Reflexión sobre La Riqueza y el Medio Rural.

En Línea de los artículos de éste espacio para El Progreso y La Razón hacemos una reflexión que surge de una clase en la que el Profesor analizaba con sus estudiantes: Quién es realmente pobre  y quién es realmente rico. ¿El Campesino o el Citadino?…

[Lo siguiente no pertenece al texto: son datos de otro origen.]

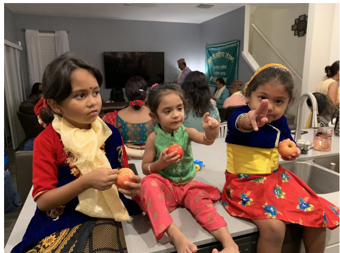
Deusi Bhailo Program Organized in Orlando- 10-27-2019
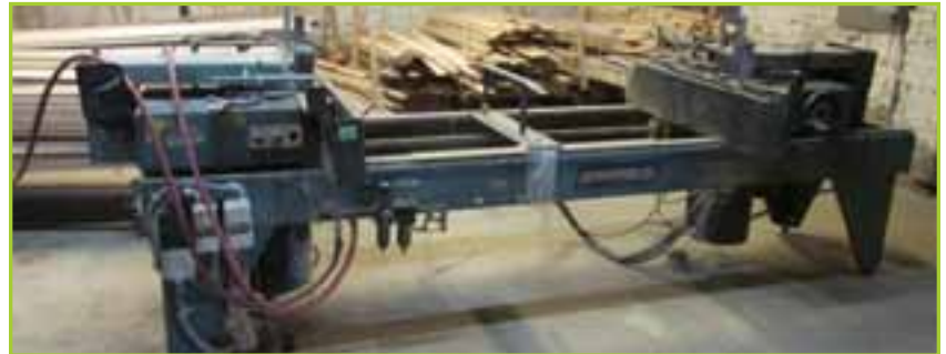
NORFIELD 1020 DOUBLE END MITER TRIM SAW
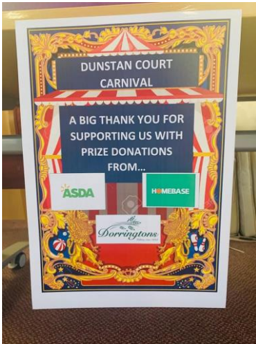
Dunstan Court Carnival
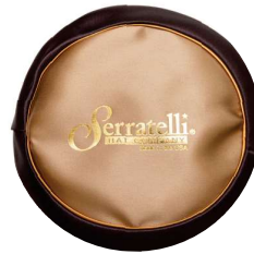
6X, 8X, 10X SERRATELLI GOLD DUAL-TONE LINER
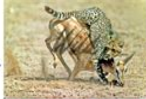
The mother cheetah brings food for the baby
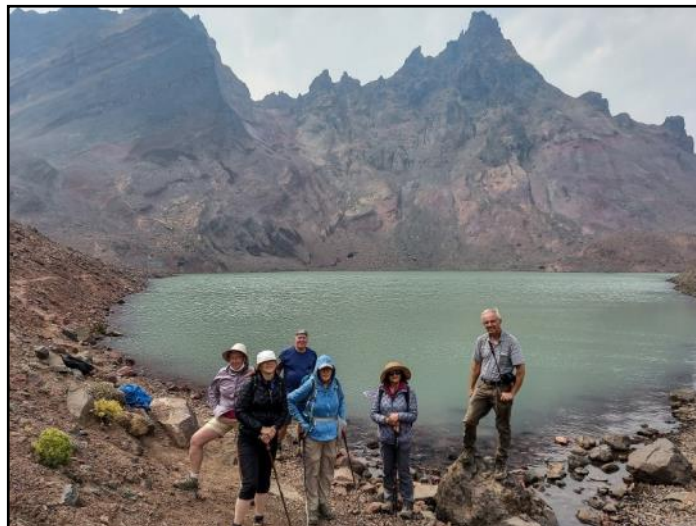
No Name Lake and Broken Top.
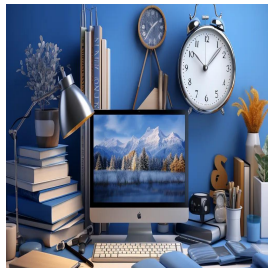
Secretarial and Administration Training Courses
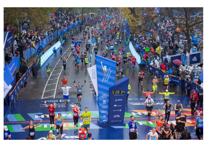
TCS New York ReflexCity Marathon app

650 mn+ lives touched 75 mn+ retailers footfalls 1,700+ owned retail stores access to 200,000+ retailers 10,000+ vendor network (TIER 1)
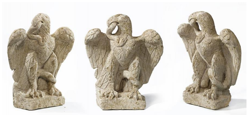
Below – Roman eagle funerary sculpture
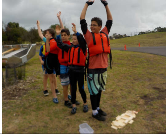
Loading and Unloading a Boat - Best do this on land before you get wet.
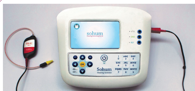
Figure 1 SOHUM hearing screening device, an artificial intelligence-driven low cost innovative diagnostic solution.

Sohum hearing screening device ( Figures 1 and 2 ) was developed to address concerns of low diagnostic accuracy, and of requirement of noise proof rooms and of skilled health workers. It is portable and compact, easy to use device. The technology uses selective artefact rejection that eliminates use of sedatives and enables usage in noisy environments. Moreover, the underlying technology is based on a reusable, easy to clean electrode system. Its artificial intelligence-driven unique algorithm provides high sensitivity and specificity, well-proven in clinical trials. Sohum hearing screening test has an optimized design that reduces test duration by minimizing time for preparation and analysis, and
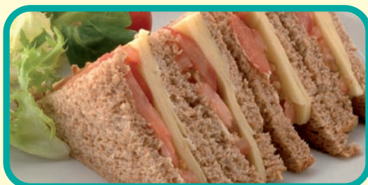
Wednesday Supper - Cheese & Tomato Sandwich
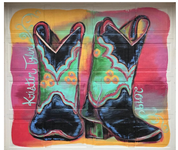
Bottom: Cowboy boot mural
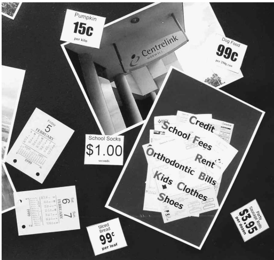
Fig. 3. A sole parent's story (detail).

familiar PAR approach the community researchers may have collected more stories and oral histories, and assembled these into a comprehensive account of the extent of social damage done to the Latrobe Valley. The photo-essays were, however, only a starting point. The
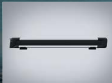
DELUXE SKI CARRIER 6 PAIR
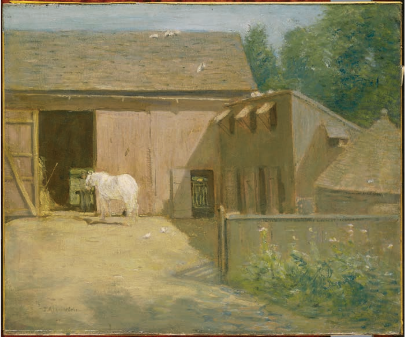
Figure 4. Julian Alden Weir, New England Barnyard , 1904.

Oil on canvas, 20 \frac{1}{8} \times 24 \frac{1}{2} in.
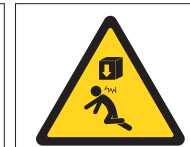
Falling Items from Above

En la relación Hombre – Naturaleza el equilibrio surge cuando tiene que construir su propia red de servicios: el agua, desde el bombeo hasta su almacenamiento es un proceso sustentable. El hombre en el medio natural sabe que si contamina el agua se perjudica. Sabe que aprovecharla al máximo para su consumo y para los cultivos es un asunto vital, así mismo está sujeto a los cambios astronómicos del clima en los países templados, o a los periodos de sequía como en nuestro caso en el trópico. El agua potable es siempre un bien escaso y preciado que requiere de un uso racional.

Estudiantes de Geografía de la UCV toman registro de las actividades del medio Rural.
Hoyo de la Cumbre. Parque Nacional Waraira Repano. Estudiantes de Geografía de la EAC-UCV toman registro de las actividades de regadío.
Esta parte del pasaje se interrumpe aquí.